The listing below is to be given again in full and word for word, without its images.

- Data provided -
=======

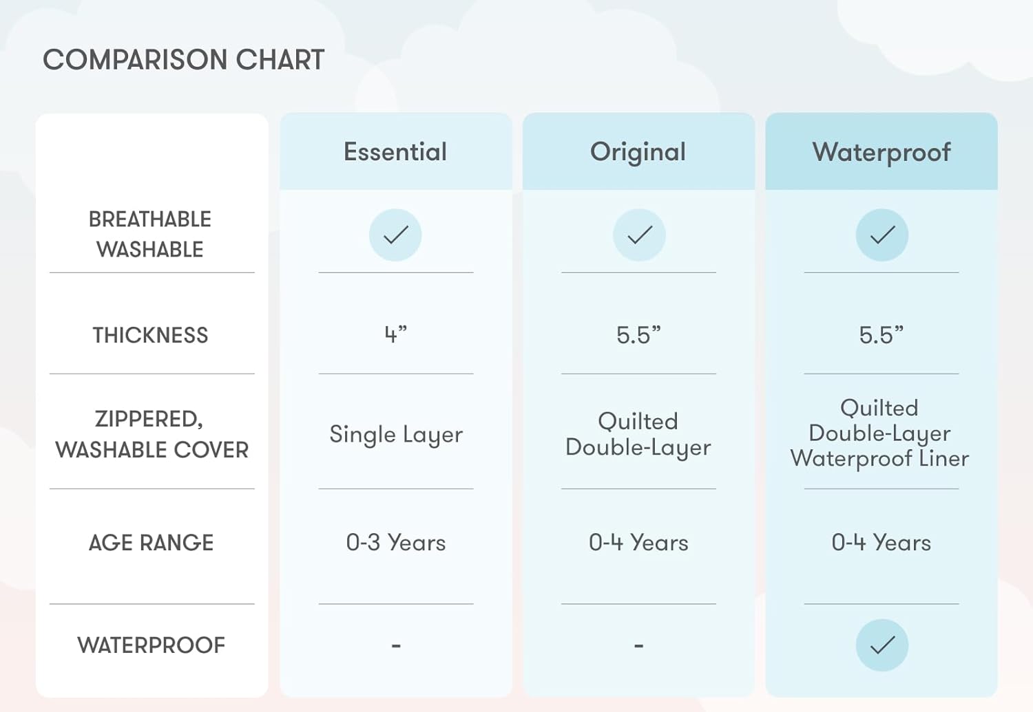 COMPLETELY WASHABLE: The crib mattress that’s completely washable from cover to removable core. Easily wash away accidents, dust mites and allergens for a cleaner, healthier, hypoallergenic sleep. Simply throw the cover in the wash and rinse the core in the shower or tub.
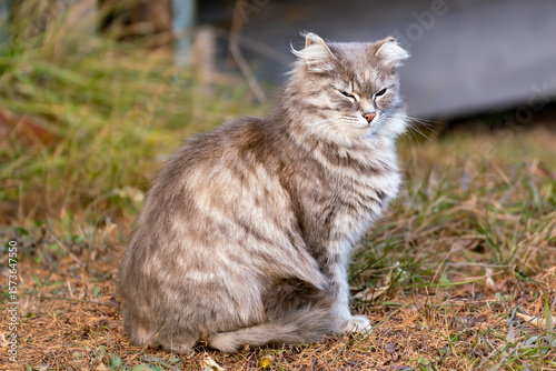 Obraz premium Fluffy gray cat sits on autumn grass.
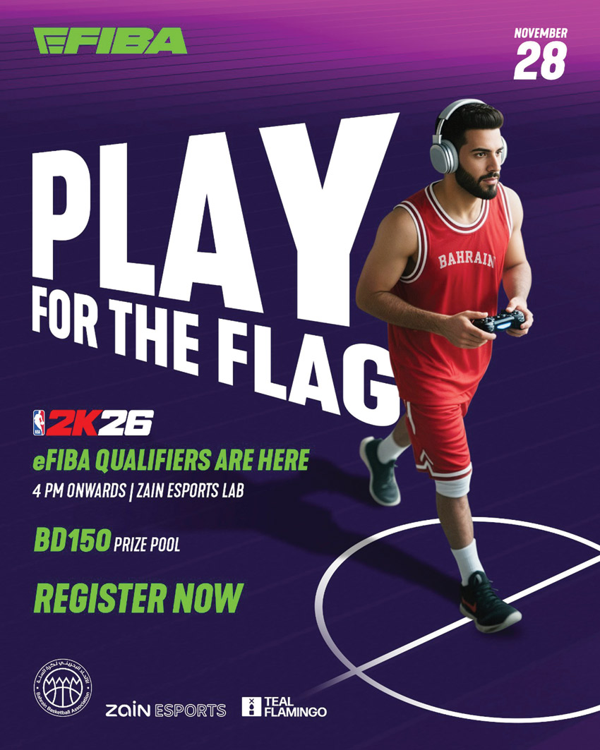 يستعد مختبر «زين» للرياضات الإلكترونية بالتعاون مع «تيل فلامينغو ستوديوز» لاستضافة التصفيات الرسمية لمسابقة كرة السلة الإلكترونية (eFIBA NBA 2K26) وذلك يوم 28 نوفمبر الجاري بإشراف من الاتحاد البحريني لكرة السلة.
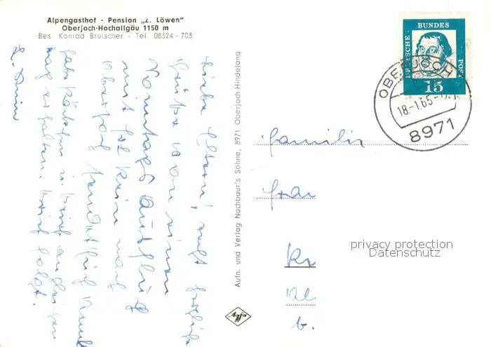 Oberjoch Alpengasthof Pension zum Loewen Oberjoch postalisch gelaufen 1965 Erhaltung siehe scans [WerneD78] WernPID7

=======

- Task answer -
 COMPLETELY WASHABLE: The crib mattress that’s completely washable from cover to removable core. Easily wash away accidents, dust mites and allergens for a cleaner, healthier, hypoallergenic sleep. Simply throw the cover in the wash and rinse the core in the shower or tub.
 Obraz premium Fluffy gray cat sits on autumn grass.
 يستعد مختبر «زين» للرياضات الإلكترونية بالتعاون مع «تيل فلامينغو ستوديوز» لاستضافة التصفيات الرسمية لمسابقة كرة السلة الإلكترونية (eFIBA NBA 2K26) وذلك يوم 28 نوفمبر الجاري بإشراف من الاتحاد البحريني لكرة السلة.
 Oberjoch Alpengasthof Pension zum Loewen Oberjoch postalisch gelaufen 1965 Erhaltung siehe scans [WerneD78] WernPID7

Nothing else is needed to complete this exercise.